Cohen devient aussi l’un des architectes juridiques majeurs de la plupart des lois du New Deal. Notamment : le Securities Exchange Act, voté en 1934 et régulant les marchés financiers secondaires, qui débouche sur la création de la Commission des valeurs mobilières. Cette loi fait suite au Securities Act de 1933 qui contrôle les marchés primaires contre la manipulation des échanges boursiers. Ces deux textes tentent de mieux surveiller les flux de capitaux, alors que les États-Unis sont plongés dans une grave crise financière et économique due au krach boursier d’octobre 1929. Ensuite, le National Housing Act (Loi nationale du logement) vise à faciliter l’accès à l’emprunt immobilier. L’objectif est de mettre fin aux nombreuses saisies hypothécaires des banques sur les maisons familiales. C’est dans le cadre de cette loi que la Federal Housing Administration et la Federal Savings and Loan Insurance Corporation sont créées, deux agences gouvernementales fournissant la majeure partie des fonds nécessaires aux emprunts immobiliers. En 1935, c’est au tour de la Loi sur les services publics qui réglemente les grandes entreprises publiques et de la Loi sur l’administration de l’électrification rurale. Puis le Social Security Act (Loi sur la Sécurité Sociale), approuvé par le Congrès américain en 1935, qui marque la mise en place de la première forme d’État-providence aux États-Unis et des premières mesures d’assistance sociale pour lutter contre la pauvreté croissante chez les personnes âgées, les chômeurs, les veuves et les orphelins. Enfin, le Fair Labor Standards Act (Loi sur les normes du travail équitable) également appelé Wages and Hours Bill (Loi sur les salaires et le temps de travail), approuvé par le Congrès en 1938, établit un salaire minimal, propose une réglementation des heures supplémentaires et interdit l’emploi des mineurs et des enfants dans des travaux pénibles.

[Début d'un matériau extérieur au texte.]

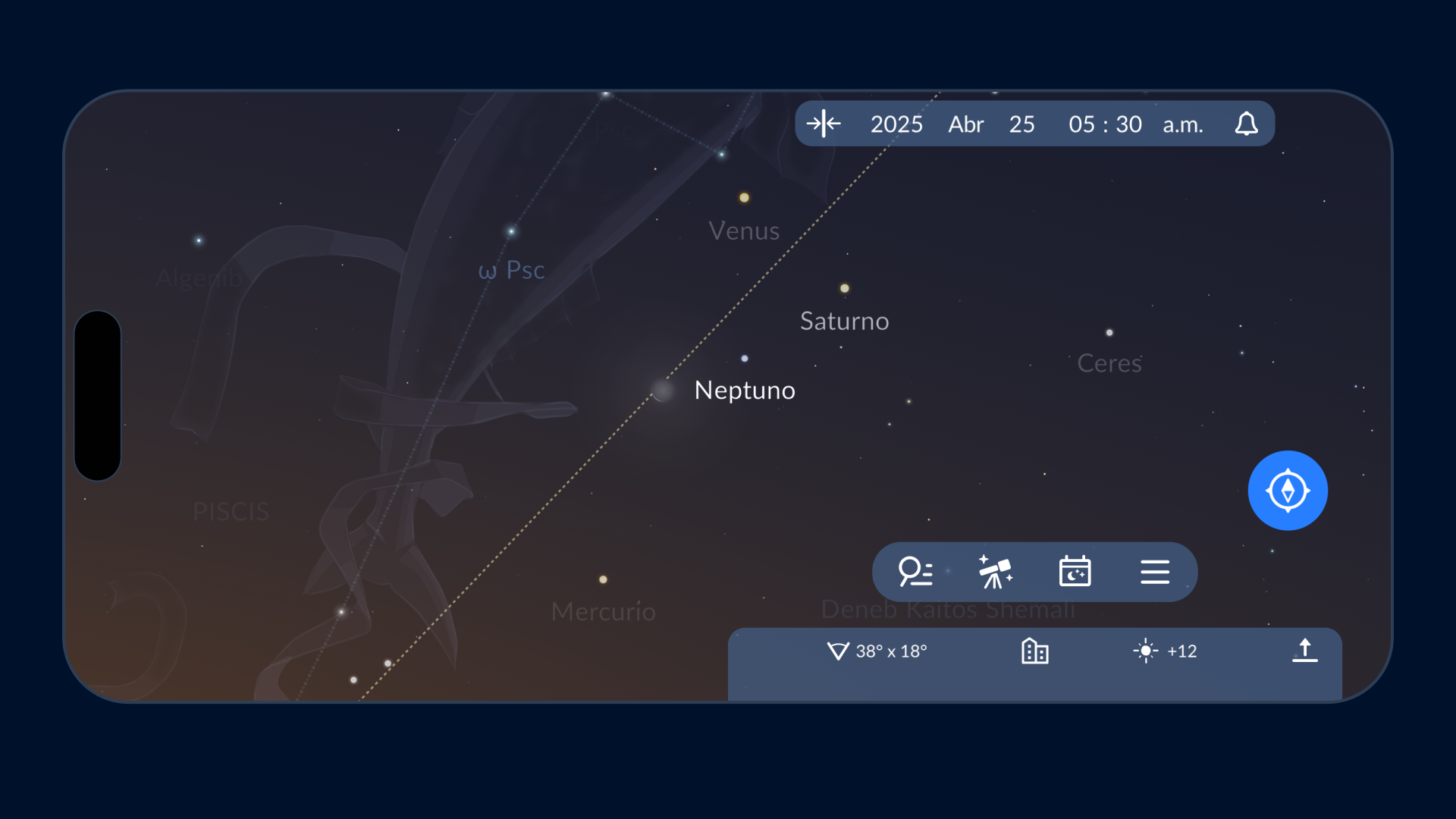 ¡El final de abril de 2025 es el mejor momento para observar a Venus! Brillando con una magnitud impresionante de -4.8, el planeta iluminará el cielo matutino junto con la Luna, Saturno, Mercurio y Neptuno. Busca a Venus justo antes del amanecer — aparecerá en el horizonte oriental como la deslumbrante "estrella de la mañana". Para facilitar la localización de Venus y otros objetos a su alrededor, usa la aplicación gratuita Star Walk 2 de astronomía.

Lorsque la Seconde Guerre mondiale éclate en Europe en 1939, Cohen change la tactique de la politique étrangère américaine et rompt avec l’isolationisme. Il conseille Roosevelt sur les programmes d’aide aux Alliés avant l’entrée officielle de l’Amérique dans le conflit. En 1941, Cohen devient un des principaux architectes juridiques de l’arrangement par lequel les Etats-Unis fournissent de l’armement au Royaume-Uni et à ses alliés, en échange de l’utilisation des bases militaires britanniques. Il est par ailleurs nommé avocat général de l’Office de stabilisation économique.

Mais sa contribution peut-être la plus durable reste celle en 1944, de la rédaction de l’accord de Dumbarton Oaks qui jette les fondements de la future Organisation des Nations Unies et élabore la première ébauche de la Charte de l’ONU.

A la fin de la guerre, Cohen est promu conseiller juridique de la Corporation de Financement de la Reconstruction. C’est à cette période qu’il développement le libéralisme d’après-guerre.

Après avoir formellement quitté l’administration en 1947, il continue à conseiller les dirigeants gouvernementaux depuis son domicile de Washington.

De 1948 à 1952, Cohen est à plusieurs reprises membre de la délégation américaine aux Nations Unies et membre de la Commission du désarmement de l’ONU. Il s’implique également dans la création des relations diplomatiques entre les États-Unis et Israël.

Son intérêt pour la politique continue longtemps après la fin de son service au gouvernement, en devenant assistant spécial de la campagne présidentielle de John F. Kennedy sur les questions de désarmement.

Benjamin Victor Cohen décède des suites de complications dues à une pneumonie en 1983 à Washington, à l’âgé de 88 ans.